(Entries shown)
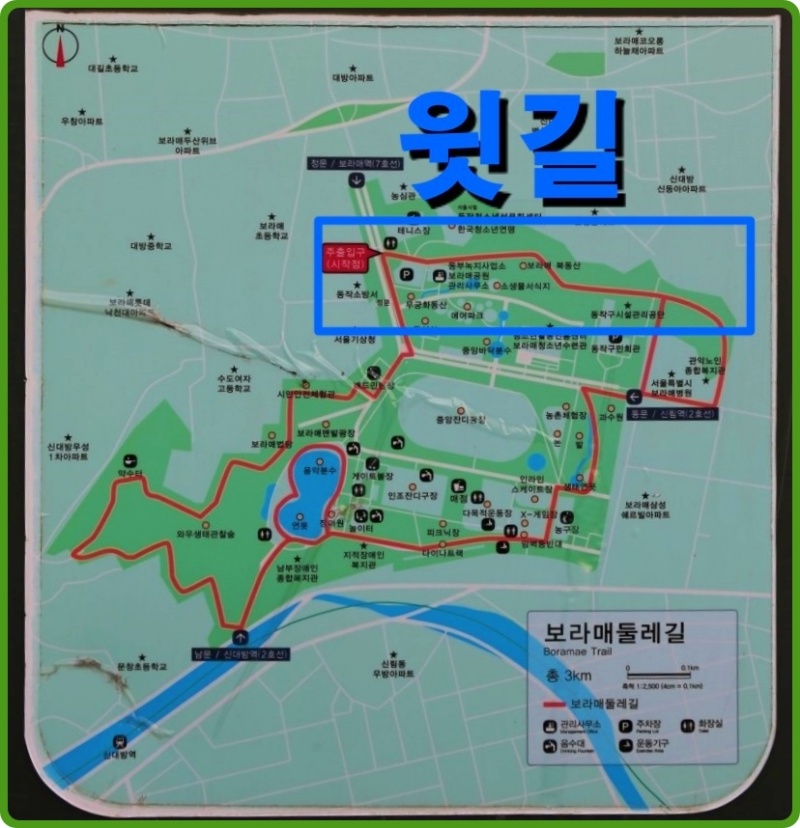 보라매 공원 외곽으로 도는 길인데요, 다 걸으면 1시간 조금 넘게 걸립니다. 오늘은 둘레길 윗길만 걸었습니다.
(End Entries shown)
(Entries shown)
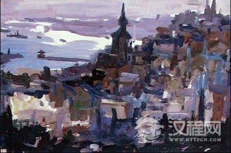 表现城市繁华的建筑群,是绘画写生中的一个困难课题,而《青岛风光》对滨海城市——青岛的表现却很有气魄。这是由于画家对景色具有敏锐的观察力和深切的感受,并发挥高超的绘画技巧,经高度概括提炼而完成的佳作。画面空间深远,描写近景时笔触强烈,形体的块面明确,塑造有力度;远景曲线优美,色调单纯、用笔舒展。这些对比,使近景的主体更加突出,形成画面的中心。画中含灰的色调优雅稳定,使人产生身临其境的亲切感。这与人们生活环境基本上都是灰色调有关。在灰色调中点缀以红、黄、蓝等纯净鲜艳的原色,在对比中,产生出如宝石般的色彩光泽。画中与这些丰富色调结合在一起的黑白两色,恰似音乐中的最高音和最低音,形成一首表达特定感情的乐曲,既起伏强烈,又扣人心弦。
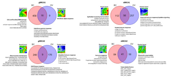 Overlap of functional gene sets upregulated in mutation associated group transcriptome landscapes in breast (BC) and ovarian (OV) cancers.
(End Entries shown)
■ **Brief**
Of the lines above, quote exactly those from the one with "表现城市繁华的建筑群,是绘画" through the one with "Overlap of functional", ends included; pictures stay out.

■ **Solution for this exercise**
 表现城市繁华的建筑群,是绘画写生中的一个困难课题,而《青岛风光》对滨海城市——青岛的表现却很有气魄。这是由于画家对景色具有敏锐的观察力和深切的感受,并发挥高超的绘画技巧,经高度概括提炼而完成的佳作。画面空间深远,描写近景时笔触强烈,形体的块面明确,塑造有力度;远景曲线优美,色调单纯、用笔舒展。这些对比,使近景的主体更加突出,形成画面的中心。画中含灰的色调优雅稳定,使人产生身临其境的亲切感。这与人们生活环境基本上都是灰色调有关。在灰色调中点缀以红、黄、蓝等纯净鲜艳的原色,在对比中,产生出如宝石般的色彩光泽。画中与这些丰富色调结合在一起的黑白两色,恰似音乐中的最高音和最低音,形成一首表达特定感情的乐曲,既起伏强烈,又扣人心弦。
 Overlap of functional gene sets upregulated in mutation associated group transcriptome landscapes in breast (BC) and ovarian (OV) cancers.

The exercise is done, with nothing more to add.